I had been driving a Ford Expedition for a year. I had lost my beloved Jeep® in a tragic accident in Denver - briefly mentioned here - and my neighbor had her old Expedition for sale. Now, the Expedition is a nice rig, but it’s BIG. So big that I couldn’t tow it behind the motorhome. So for a year, it always took two trips, and someone to give me a ride (see here), any time I wanted to move the motorhome.
During my three Going to Moab trips, I had gotten word that my mother had passed away. It was not unexpected. I was glad I had gone to Oregon to see her when I did.
She was a frugal woman, having grown up in Kansas during the Great Depression and dust bowl. She had little pots of money stashed here & there in various investments.

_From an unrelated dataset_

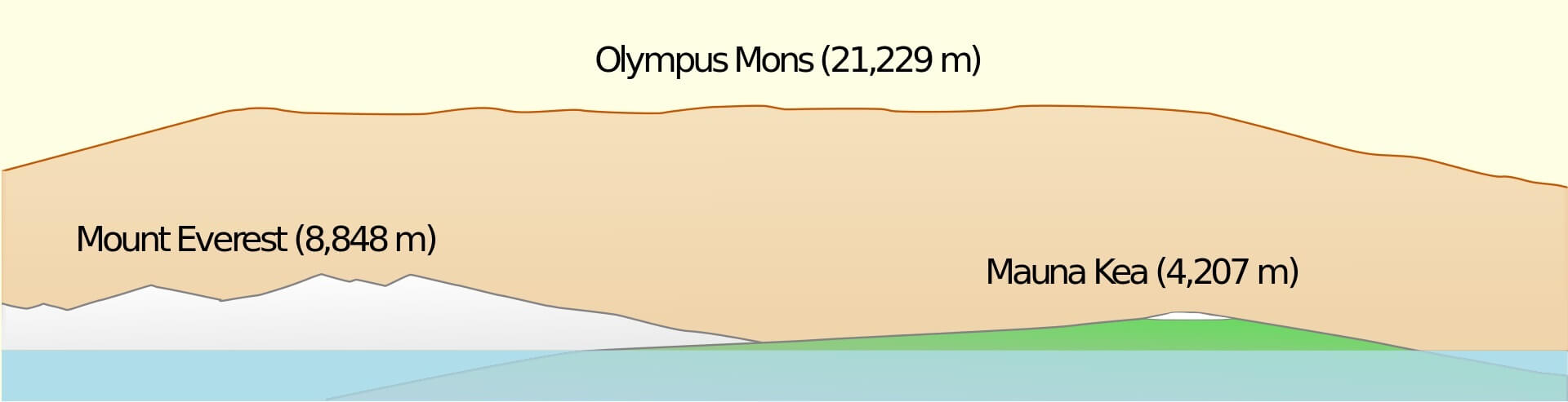 Comparación del Monte Olimpo con el Monte Everest y Mauna Kea. Fuente: Resident Mario / CC BY-SA 3.0, via Wikimedia Commons
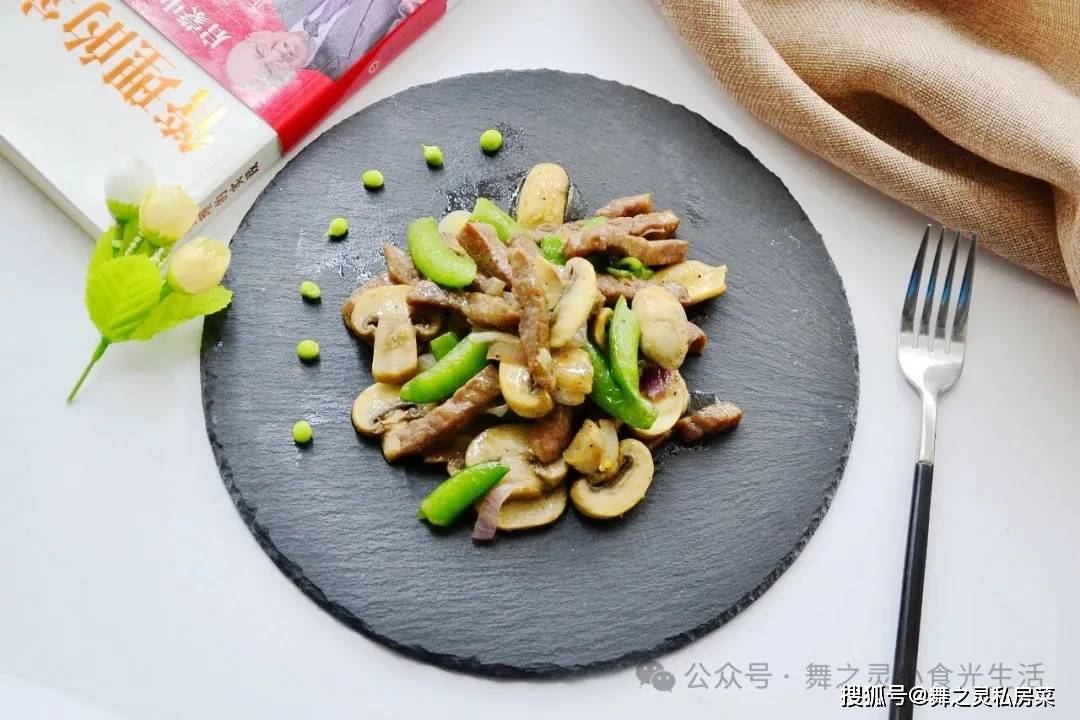 4、热锅冷油将腌制好的牛肉丝放入炒变色即盛出,然后锅内加少许的油爆香洋葱丝,将焯烫过的荷兰豆和蘑菇倒入翻炒片刻,并且加入适量的盐调味。

One of them came to me, enough to buy another Jeep.
It took a while. I had looked at some horrible junk around town, but finally an ad showed up where the John Deere dealer in town was selling a Jeep he’d bought for elk hunting. Then he discovered that you can’t get an elk carcass into a Jeep…
He wanted waaay more money than I was willing to pay. Basically the entire amount that my mother had left me. But this Jeep had everything I wanted: a winch, a lifted suspension, oversized tires, and locking axles. It even had the exact brand and style of tires that I wanted! Everything I had ever meant to do to my first Jeep, was already done to this one. And I knew there wouldn’t be any nasty surprises: I knew this guy was honest, because he was a John Deere dealer.
Allow me to explain. When you do business with farmers, you have to be honest, or you will go out of business very soon. As in, by the end of next week. Because farmers talk to each other. There’s an old joke about three forms of communication: telegraph, television, and tell a farmer. The farmer is the fastest of the three.
So I knew the seller wasn’t hiding anything.
I did the deal. The day I bought it, I took my new baby out to the badlands north of town, and took a phone shot of it, in it’s “natural habitat:” on dirt.
A couple of days later, I took it on a real 4WD adventure: up into the Piceance1 Basin, which lies north of Grand Junction up on top of those Book Cliffs you see in the back of this photo. It’s a no-man’s-land wasteland that is desolate, dry and not at all scenic. But it reportedly contains more oil - in a form that is hard to extract - than all of Saudi Arabia. There is nothing up there but experimental oil wells and a herd of wild horses.
I had endeavored to go Jeeping in the Little Book Cliffs Wild Horse Area, but somehow I overshot that freeway exit and ended up on an ugly, desolate road north of it. I saw lots of horse manure, but no horses.
I was in the Wasatch Formation, which lies well above all the ones I’ve mentioned so far, and is only about 50 million years old. It’s made of some really strange stuff:
Most formations are made of one type of rock. Not so the Wasatch. It’s a conglomeration of various kinds of icky muds, clays and other nasty stuff. Here’s a closer view of the drier, deeper-red stone on top of the messy stuff that looks like a pan of lasagna that went wrong:
Eventually, a side road came out to the top edge of the Book Cliffs, allowing a view down into the Grand Valley:
As it turns out, this was almost directly above the home of the guy I’d bought the Jeep from. I later told him about this, and he told me a funny story.
Said when he was a teenager, he’d decided to climb up the Book Cliffs to the top, expecting nothing but wildland once he reached to top. To his surprise and disgust, a couple of dirt bikers approached him as he was resting on the edge after a day-long arduous climb! He didn’t know that there were roads up there.
Yeah, there are lots of roads (if you can call them “roads” but I was in a Jeep) up there, and I took a different one home than the one I’d come in on. And encountered a deposit of clay that had been eroded into very strange, other-worldly shapes:
This stuff was nothing short of bizarre.
I am still driving that Jeep today. Finally, I could go roaming again, towing it behind the motorhome anywhere I wanted. Only one thing remained to be done before I could take off: Pookie’s fur had gotten out of control and was matted and clumping. She needed a fur trim. I made an appointment with a local groomer, who was booked more than a month out.
I made plans to hit the road for the summer as soon as Pookie got what she needed.
Pronounced “PEE-ahns” I presume that it’s French or something.
My co-worker has pointed out to me how ironic it is that the same day this post dropped on Substack, the beloved Jeep which is featured here...
Died.
It's sitting at a mechanic's shop now. It needs a new engine.
Great story and spectacular photography, Ken.